ROMAN β Scene Graph Node Relevance Classification
Given a 3D scene graph and a natural-language navigation constraint (e.g., "avoid the kitchen"), classify each node as relevant or non-relevant for cost-function generation used by a PRM path planner.
Models in This Repo
V12 GNN Models (SAGEConv / GCNConv)
Lightweight GNN models with enriched categorical features on train_ready_v4_dedup.jsonl.
| Model | Path | Params | Test F1 | HO F1 |
|---|---|---|---|---|
| SAGEConv | v12/SAGE/best.pt |
1.25M | 0.924 | 0.949 |
| GCNConv | v12/GCN/best.pt |
0.80M | 0.921 | 0.946 |
Features (1262 dims): spatial(10) + node_type(3) + floor(4) + material(15) + affordance(78) + parent_room_emb(384) + label_emb(384) + tiled_instr(384)
V11-Token ModernBERT Models
ModernBERT-base backbone with per-token classification (Provence-style text serialization).

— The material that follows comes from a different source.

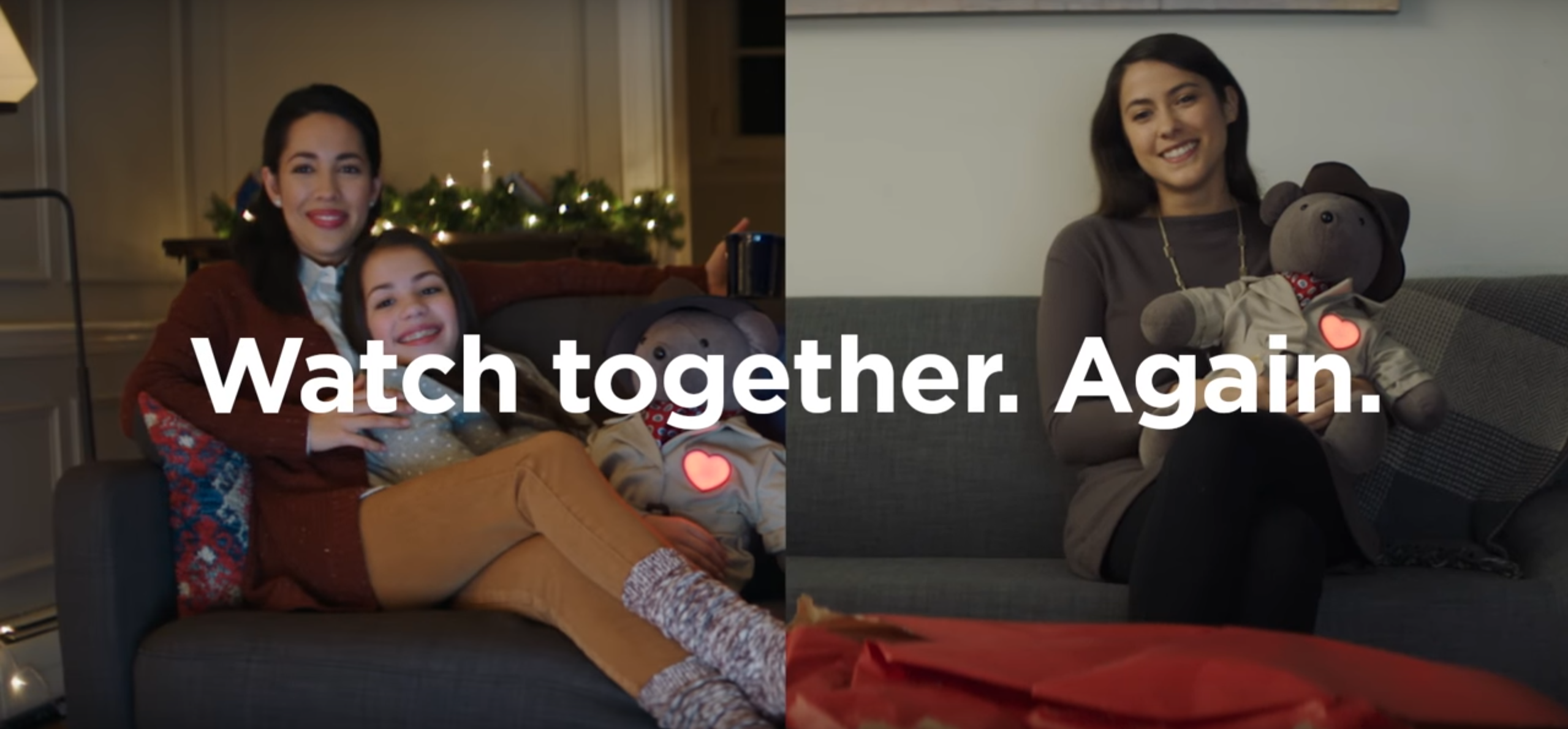 Reklam filminde kadın, kız kardeşine Mr. Bear’ı gönderiyor ve kız kardeşinden bu oyuncağa sarılmasını istiyor. Oyuncağın kırmızı kalbinde ışık yanınca iki kardeş birbirlerinden uzakta da olsa bağlı olduklarını hissediyorlar. Reklamın sonundaysa iki kız kardeş küçükken Full House’u izledikleri gibi bu sefer Fuller House’u izliyorlar.

| Model | Path | Trainable Params | Test F1 | HO F1 |
|---|---|---|---|---|
| LoRA r=8 | v11t/lora_r8/model_best.pt |
1.7M | 0.910 | 0.949 |
| LoRA r=16 | v11t/lora_r16/model_best.pt |
3.4M | 0.897 | 0.951 |
| Full fine-tune | v11t/full/model_best.pt |
149.0M | 0.907 | 0.958 |
Dataset
dataset/v4_dedup_enriched_1024/ β Pre-tokenized HF Dataset (ModernBERT tokenizer, enriched text mode, max_length=1024)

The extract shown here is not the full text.